The hunt for p-values less than 0.05 has left many of science’s roadways riddled with potholes.
More than 50% of them in the biomedical literature are wrong, according to one reckoning, maybe 30% or more wherever it’s used, according to another. It’s high, but we can’t know for sure how high, according to a third. It’s definitely part of the reason more than half of studies in psychology can’t be replicated. And the lowest estimate of wrong-ness I’ve seen is 14% in biomedical research – which is still pretty high. (Details here, here, and here.)
The American Statistical Association (ASA) is trying to stem the tide of misuse and misinterpretation. They issued a statement on p-values this year. It’s the first time they ever took a position on a statistical practice. They did so because, they said, it’s an important cause of science’s reproducibility crisis.

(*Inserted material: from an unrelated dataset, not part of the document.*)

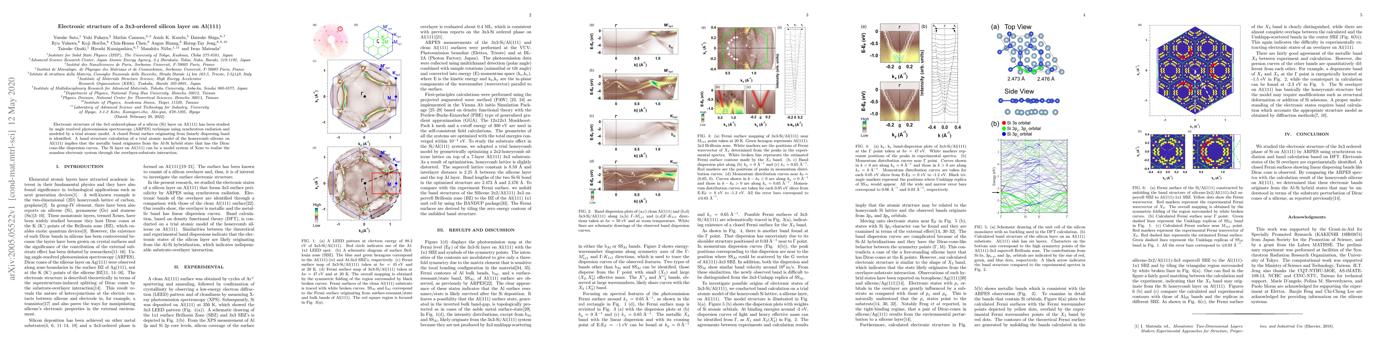Researchers studied the electronic structure of a silicon layer on aluminum using ARPES and found a closed Fermi surface with Dirac cone-like dispersion curves, suggesting a massless electronic system.

Perhaps the ASA’s intervention will help stop the p-value’s seemingly unstoppable advance in the sciences. In psychology, according to a study by Hubbard and Ryan in 2000, statistical hypothesis testing – testing that calculates statistical significance – was being used by around 17% of studies in major journals in the 1920s. It pretty much exploded in the 1940s and 1950s, spreading to 85% of studies by 1960, and passing 90% in the 1970s.

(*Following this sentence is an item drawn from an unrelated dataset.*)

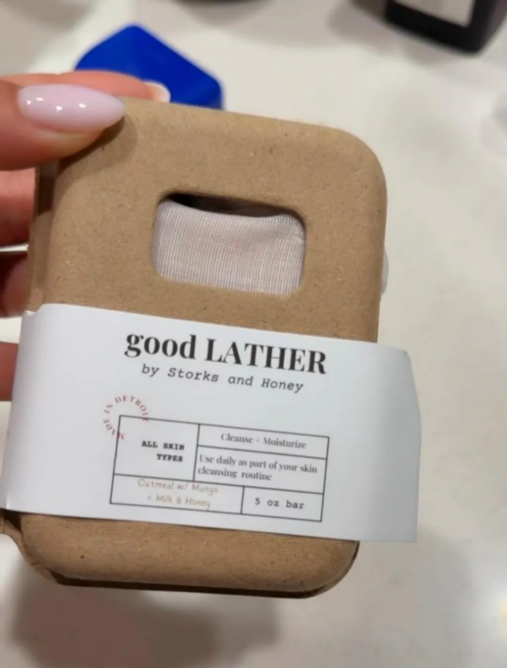Clean skin starts with a GOOD lather. Hand- poured in small batches with skin- loving ingredients that care for you- naturally. Made with colloidal oatmeal to calm dryness & irritation + enriched with Manuka honey to deeply moisturize & support a healthy skin barrier. Lovely mango scent.

How did this get so out of hand? Hubbard and Ryan argue it’s because the p-value was simple and appealing for researchers, and there was “widespread unawareness” of the test’s limitations. There is no simple alternative to replace it with, and some argued for it fiercely. So it was easier to let it take over than fight it. Hubbard and Ryan call out “the failure of professional statisticians to effectively assist in debunking the appeal of these tests”.
The ASA takes a similar line: the “bright line” of p-values at 0.05 is taught because the scientific community and journals use it so much. And they use it so much because that’s what they’re taught.

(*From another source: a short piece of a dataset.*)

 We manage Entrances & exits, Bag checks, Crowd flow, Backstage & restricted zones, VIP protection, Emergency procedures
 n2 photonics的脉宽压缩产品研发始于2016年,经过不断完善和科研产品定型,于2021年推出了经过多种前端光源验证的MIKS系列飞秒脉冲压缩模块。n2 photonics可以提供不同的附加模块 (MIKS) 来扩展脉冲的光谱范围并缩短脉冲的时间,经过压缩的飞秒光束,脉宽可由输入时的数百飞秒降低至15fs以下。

The result is a bumpy ride in the literature. Here’s my choice of the top 5 things to keep in mind to avoid p-value potholes.
1. “Significant” in “statistically significant” doesn’t mean “important”.
You can have a statistically significant p-value of an utterly trivial difference – say, getting better from a week-long cold 10 minutes faster. You could call that “a statistically significant difference”, but it’s no reason to be impressed.
Back in Shakespeare’s day, significance still didn’t have the connotation of importance. “Signify” only referred to meaning something. And as Regina Nuzzo explains, that’s all the developers of these tests meant in the 1920s, too: a p-value less than 0.05 just signified a result worth studying further.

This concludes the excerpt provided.